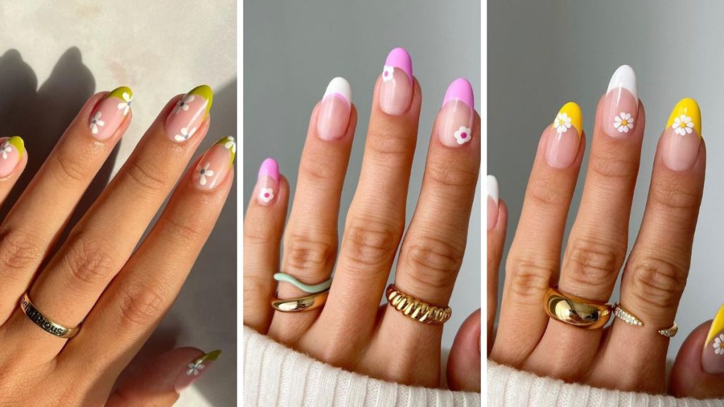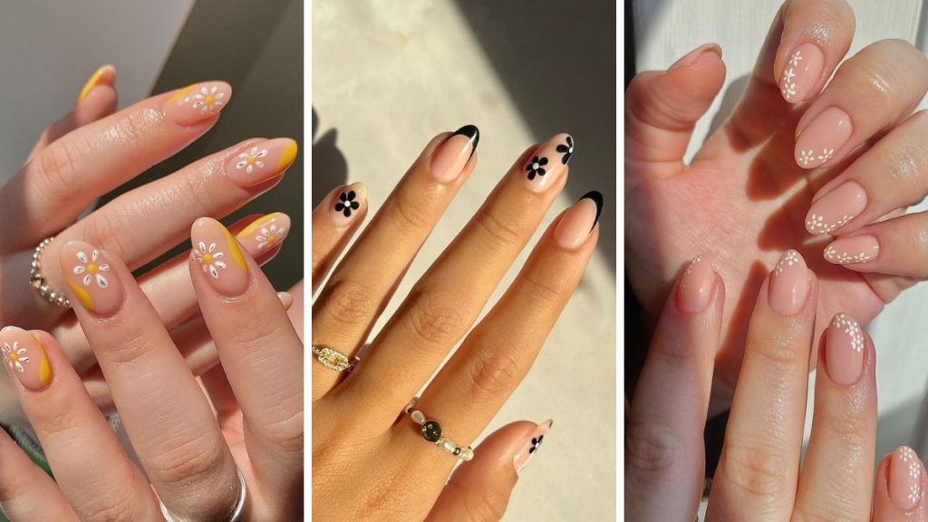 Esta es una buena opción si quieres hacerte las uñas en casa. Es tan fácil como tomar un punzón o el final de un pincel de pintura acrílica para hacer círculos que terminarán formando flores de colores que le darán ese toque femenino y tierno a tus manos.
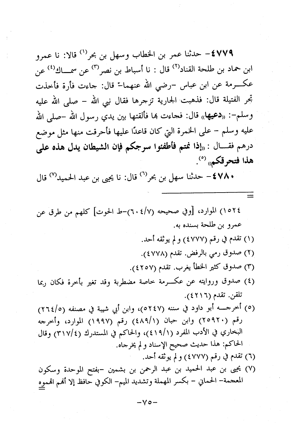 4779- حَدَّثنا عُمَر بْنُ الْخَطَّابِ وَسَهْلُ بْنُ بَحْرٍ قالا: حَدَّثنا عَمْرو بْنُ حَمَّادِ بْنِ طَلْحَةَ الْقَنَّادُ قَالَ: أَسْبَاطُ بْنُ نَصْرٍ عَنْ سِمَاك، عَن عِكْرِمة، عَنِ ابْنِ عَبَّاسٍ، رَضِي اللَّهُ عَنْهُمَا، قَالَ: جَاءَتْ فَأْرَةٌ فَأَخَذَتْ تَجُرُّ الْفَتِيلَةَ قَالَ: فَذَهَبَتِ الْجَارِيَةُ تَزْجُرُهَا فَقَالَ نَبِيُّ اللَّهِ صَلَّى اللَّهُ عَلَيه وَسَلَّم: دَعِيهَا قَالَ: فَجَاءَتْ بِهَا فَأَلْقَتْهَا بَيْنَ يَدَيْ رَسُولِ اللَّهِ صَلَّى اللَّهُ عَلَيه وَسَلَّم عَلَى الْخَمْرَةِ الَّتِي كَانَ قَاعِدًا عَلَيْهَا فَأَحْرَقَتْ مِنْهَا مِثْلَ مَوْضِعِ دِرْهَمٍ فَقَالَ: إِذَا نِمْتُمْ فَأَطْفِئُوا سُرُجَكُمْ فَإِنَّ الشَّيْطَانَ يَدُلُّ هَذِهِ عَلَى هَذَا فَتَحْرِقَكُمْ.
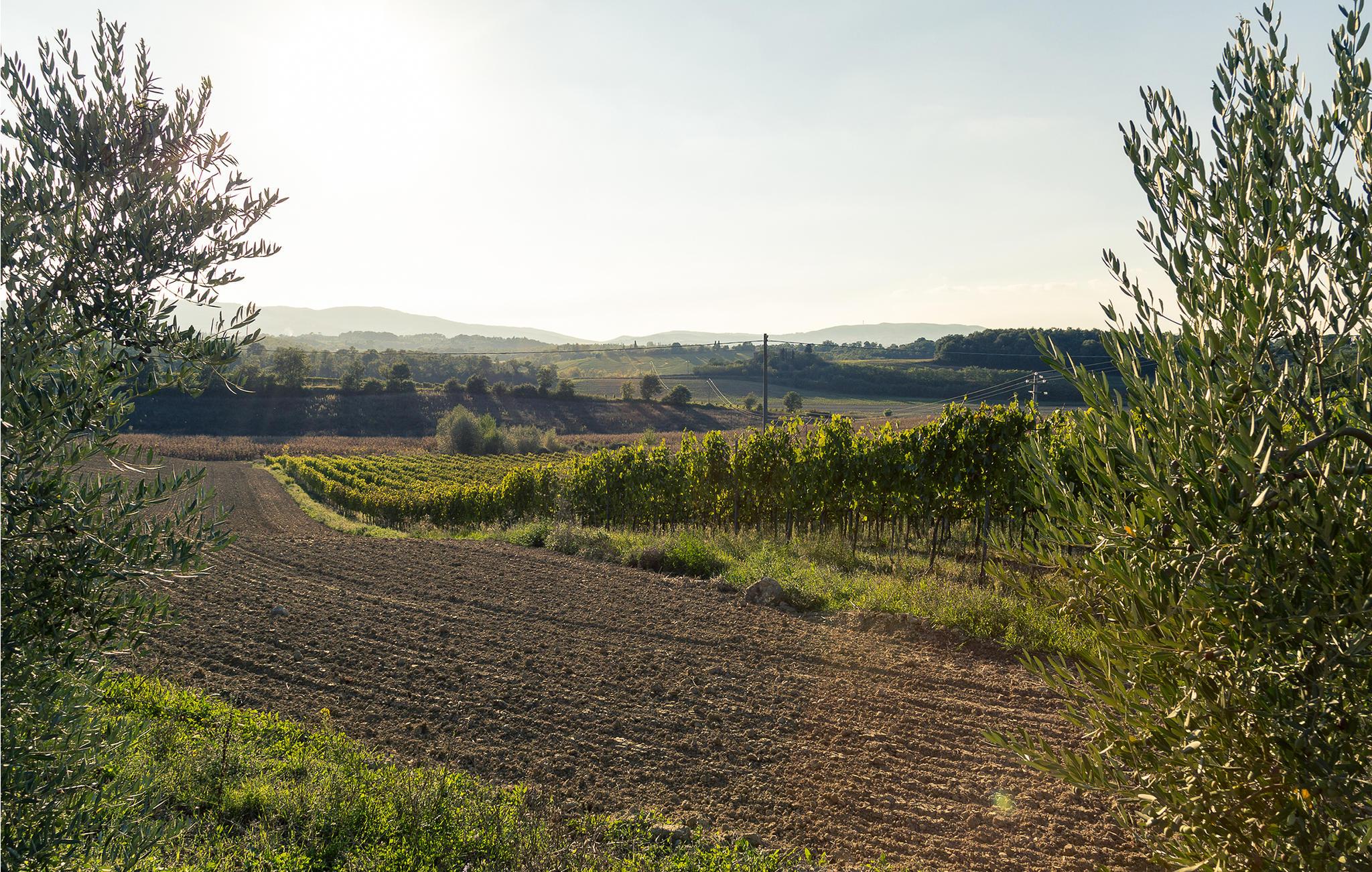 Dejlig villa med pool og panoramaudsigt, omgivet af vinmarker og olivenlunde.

* * *

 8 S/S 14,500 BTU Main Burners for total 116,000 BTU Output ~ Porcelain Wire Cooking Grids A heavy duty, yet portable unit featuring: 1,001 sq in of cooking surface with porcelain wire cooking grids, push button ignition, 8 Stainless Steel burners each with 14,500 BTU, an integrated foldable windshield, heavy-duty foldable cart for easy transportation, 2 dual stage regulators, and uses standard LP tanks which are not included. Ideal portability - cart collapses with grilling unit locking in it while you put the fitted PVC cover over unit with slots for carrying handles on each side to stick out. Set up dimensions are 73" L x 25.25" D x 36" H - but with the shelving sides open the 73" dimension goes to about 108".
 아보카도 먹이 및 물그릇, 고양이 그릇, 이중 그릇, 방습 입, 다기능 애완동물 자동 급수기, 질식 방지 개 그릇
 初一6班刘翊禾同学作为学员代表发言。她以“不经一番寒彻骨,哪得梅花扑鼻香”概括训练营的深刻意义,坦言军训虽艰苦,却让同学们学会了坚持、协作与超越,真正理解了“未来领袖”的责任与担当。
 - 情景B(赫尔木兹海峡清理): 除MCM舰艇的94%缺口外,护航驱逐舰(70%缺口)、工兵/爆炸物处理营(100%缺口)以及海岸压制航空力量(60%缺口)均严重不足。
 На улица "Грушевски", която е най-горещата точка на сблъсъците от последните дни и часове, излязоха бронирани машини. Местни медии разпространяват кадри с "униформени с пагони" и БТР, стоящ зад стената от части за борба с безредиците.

Exercise instructions:
Using the entries above, transcribe every line from the line containing "Esta es una" through the line containing "Dejlig villa med". Do not copy pictures.

Written answer:
 Esta es una buena opción si quieres hacerte las uñas en casa. Es tan fácil como tomar un punzón o el final de un pincel de pintura acrílica para hacer círculos que terminarán formando flores de colores que le darán ese toque femenino y tierno a tus manos.
 4779- حَدَّثنا عُمَر بْنُ الْخَطَّابِ وَسَهْلُ بْنُ بَحْرٍ قالا: حَدَّثنا عَمْرو بْنُ حَمَّادِ بْنِ طَلْحَةَ الْقَنَّادُ قَالَ: أَسْبَاطُ بْنُ نَصْرٍ عَنْ سِمَاك، عَن عِكْرِمة، عَنِ ابْنِ عَبَّاسٍ، رَضِي اللَّهُ عَنْهُمَا، قَالَ: جَاءَتْ فَأْرَةٌ فَأَخَذَتْ تَجُرُّ الْفَتِيلَةَ قَالَ: فَذَهَبَتِ الْجَارِيَةُ تَزْجُرُهَا فَقَالَ نَبِيُّ اللَّهِ صَلَّى اللَّهُ عَلَيه وَسَلَّم: دَعِيهَا قَالَ: فَجَاءَتْ بِهَا فَأَلْقَتْهَا بَيْنَ يَدَيْ رَسُولِ اللَّهِ صَلَّى اللَّهُ عَلَيه وَسَلَّم عَلَى الْخَمْرَةِ الَّتِي كَانَ قَاعِدًا عَلَيْهَا فَأَحْرَقَتْ مِنْهَا مِثْلَ مَوْضِعِ دِرْهَمٍ فَقَالَ: إِذَا نِمْتُمْ فَأَطْفِئُوا سُرُجَكُمْ فَإِنَّ الشَّيْطَانَ يَدُلُّ هَذِهِ عَلَى هَذَا فَتَحْرِقَكُمْ.
 Dejlig villa med pool og panoramaudsigt, omgivet af vinmarker og olivenlunde.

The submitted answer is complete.